Directions for this task ▸ A faithful copy is required. Print each line of the data exactly and omit the pictures.

Information given ▸
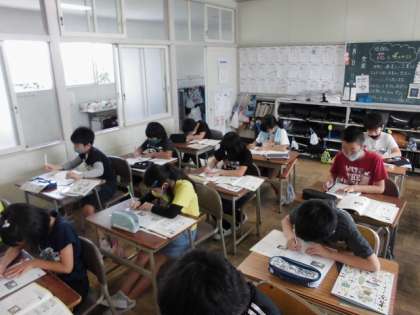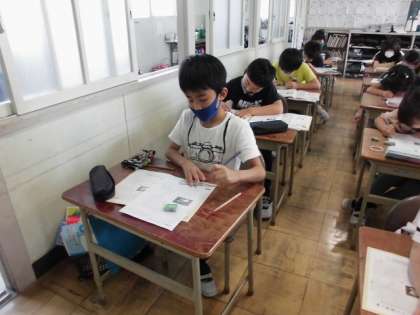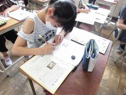 読み手に内容が伝わるように資料作りをしました。書き出しは揃っているか、文字の大きさがバラバラになっていないか、一文字ずつ確認しながら丁寧に試写しました。書く姿勢もさすが4年生です!!
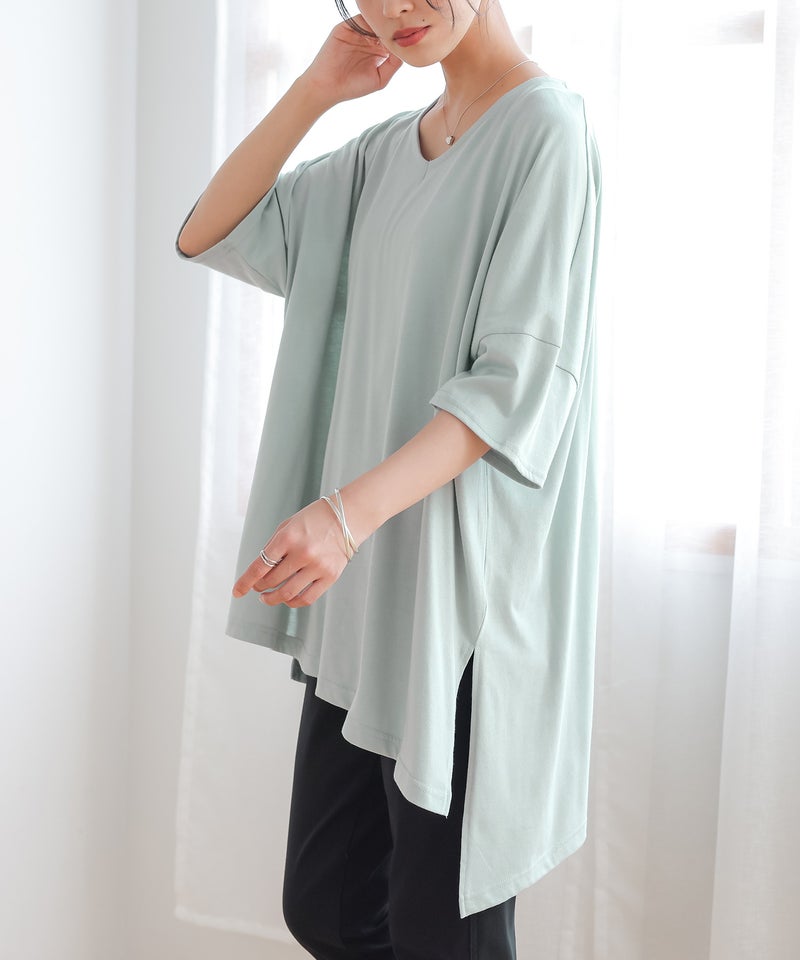 差のつくお洒落を叶える、絶妙アシメシルエット。前後の着丈差&サイドスリットと、華奢見せを叶えるビッグシルエットで抜け感を演出します。
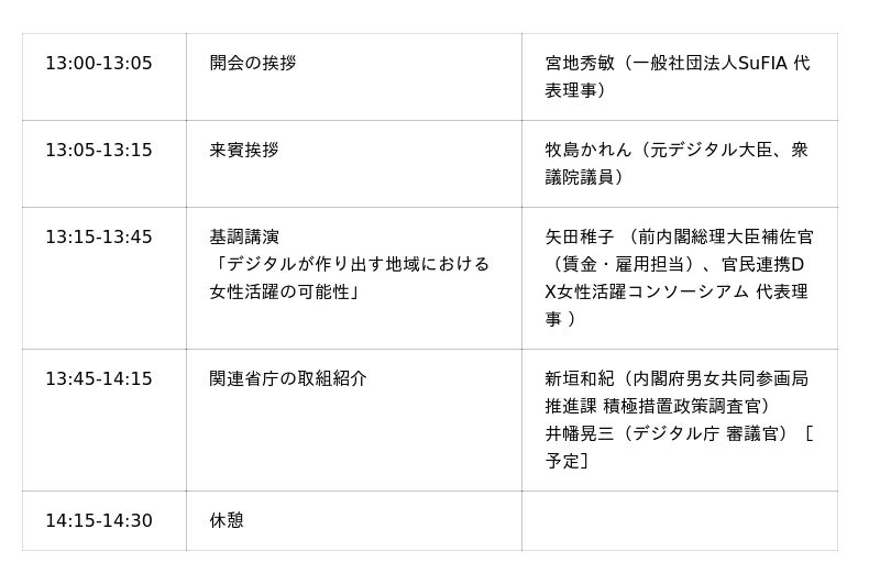 地域におけるデジタル人材育成の取組みや課題について、関連省庁や女性活躍を推進する企業の皆さまにご登壇いただき、現場での実践事例や直面する課題、今後の展望について共有いただきます。多様な視点からの議論を通じて、地域に根ざした持続可能な人材育成のあり方を探ります。
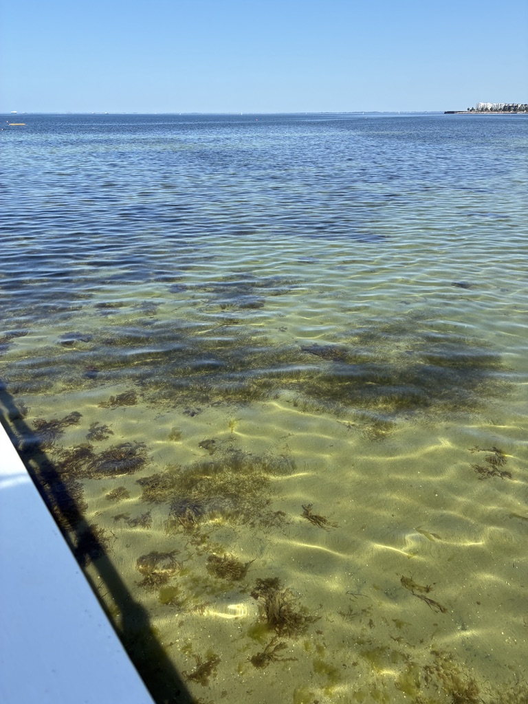 I adjusted my goggles and started swimming to the other pier. I figured it would take 30 minutes to get there and back. Along the way I marveled at the various shapes, sizes, and colors of the sea plants. I hoped I’d see a fish, but instead I saw several moon jellies. Most of them where pretty small, maybe the size of a golf ball, but a few were bigger, more like the size of an orange. The moon jellies are fascinating because they look so delicate. Last time I was here I only saw them in the opaque brackish water, and memory had them shaped as buns. Today, I could see that they don’t have bottoms, just tops. They’re more like a frisbee disc, concave.
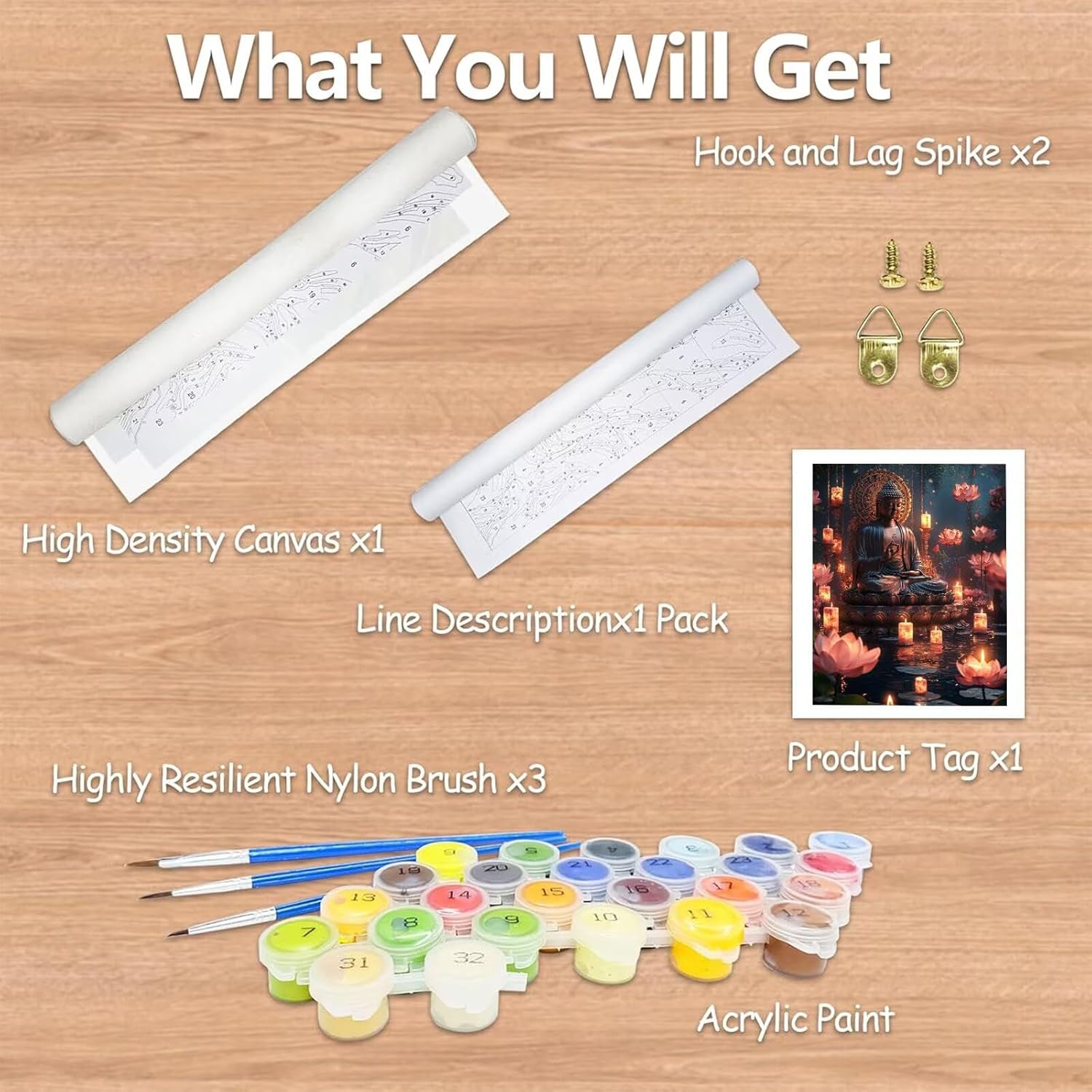 【DIPINGERE CON I NUMERI】:Include una tela (con frame), 3 pennelli da pittura, 1 set di colori di pigmento acrilico e un campione di immagine. Siamo pronti per tutto, aspettando solo che tu dipingi la pittura su tela. 【MATERIALI DI ALTA QUALITÀ】:Realizzato con vernici acriliche di alta qualità e resistenti alla sbiadida e tela spessa e strutturata, questo kit garantisce colori vibranti e opere d'arte di lunga durata. Materiali Superiore lo rendono sicuro per bambini e adulti. La tela in cotone puro, ha buon assorbimento d'acqua e capacità di respirazione, facile da conservare per un lungo periodo di tempo. 【FACILE DA DIPINGERE】:Design senza stress per tutte le età: grandi zone numerate, vernici ad asciugatura rapida e una tela leggera che rimane piatta durante il lavoro. Include istruzioni dettagliate passo dopo passo con aiuti visivi per un progresso semplice. 【REGALI PERFETTI】:Un regalo pensato per compleanni, vacanze o vari giorni di commemorazione. Viene elegantemente scatolato con un design pronto per regali. Ideale per gli amanti dell'arte, gli appassionati di fai da te o chiunque cerchi relax. I pezzi finiti possono essere incorniciati per splendidi arredi domestici! 【SERVIZIO POST-VENDITA】:Godetevi un supporto senza preoccupazioni con il nostro team di assistenza clienti dedicato. Se incontri problemi con il tuo kit, sia che mancano pezzi o preoccupazioni di qualità, contattaci, risolveremo attivamente per te. La tua soddisfazione è la nostra priorità!

Answer section ▸
 読み手に内容が伝わるように資料作りをしました。書き出しは揃っているか、文字の大きさがバラバラになっていないか、一文字ずつ確認しながら丁寧に試写しました。書く姿勢もさすが4年生です!!
 差のつくお洒落を叶える、絶妙アシメシルエット。前後の着丈差&サイドスリットと、華奢見せを叶えるビッグシルエットで抜け感を演出します。
 地域におけるデジタル人材育成の取組みや課題について、関連省庁や女性活躍を推進する企業の皆さまにご登壇いただき、現場での実践事例や直面する課題、今後の展望について共有いただきます。多様な視点からの議論を通じて、地域に根ざした持続可能な人材育成のあり方を探ります。
 I adjusted my goggles and started swimming to the other pier. I figured it would take 30 minutes to get there and back. Along the way I marveled at the various shapes, sizes, and colors of the sea plants. I hoped I’d see a fish, but instead I saw several moon jellies. Most of them where pretty small, maybe the size of a golf ball, but a few were bigger, more like the size of an orange. The moon jellies are fascinating because they look so delicate. Last time I was here I only saw them in the opaque brackish water, and memory had them shaped as buns. Today, I could see that they don’t have bottoms, just tops. They’re more like a frisbee disc, concave.
 【DIPINGERE CON I NUMERI】:Include una tela (con frame), 3 pennelli da pittura, 1 set di colori di pigmento acrilico e un campione di immagine. Siamo pronti per tutto, aspettando solo che tu dipingi la pittura su tela. 【MATERIALI DI ALTA QUALITÀ】:Realizzato con vernici acriliche di alta qualità e resistenti alla sbiadida e tela spessa e strutturata, questo kit garantisce colori vibranti e opere d'arte di lunga durata. Materiali Superiore lo rendono sicuro per bambini e adulti. La tela in cotone puro, ha buon assorbimento d'acqua e capacità di respirazione, facile da conservare per un lungo periodo di tempo. 【FACILE DA DIPINGERE】:Design senza stress per tutte le età: grandi zone numerate, vernici ad asciugatura rapida e una tela leggera che rimane piatta durante il lavoro. Include istruzioni dettagliate passo dopo passo con aiuti visivi per un progresso semplice. 【REGALI PERFETTI】:Un regalo pensato per compleanni, vacanze o vari giorni di commemorazione. Viene elegantemente scatolato con un design pronto per regali. Ideale per gli amanti dell'arte, gli appassionati di fai da te o chiunque cerchi relax. I pezzi finiti possono essere incorniciati per splendidi arredi domestici! 【SERVIZIO POST-VENDITA】:Godetevi un supporto senza preoccupazioni con il nostro team di assistenza clienti dedicato. Se incontri problemi con il tuo kit, sia che mancano pezzi o preoccupazioni di qualità, contattaci, risolveremo attivamente per te. La tua soddisfazione è la nostra priorità!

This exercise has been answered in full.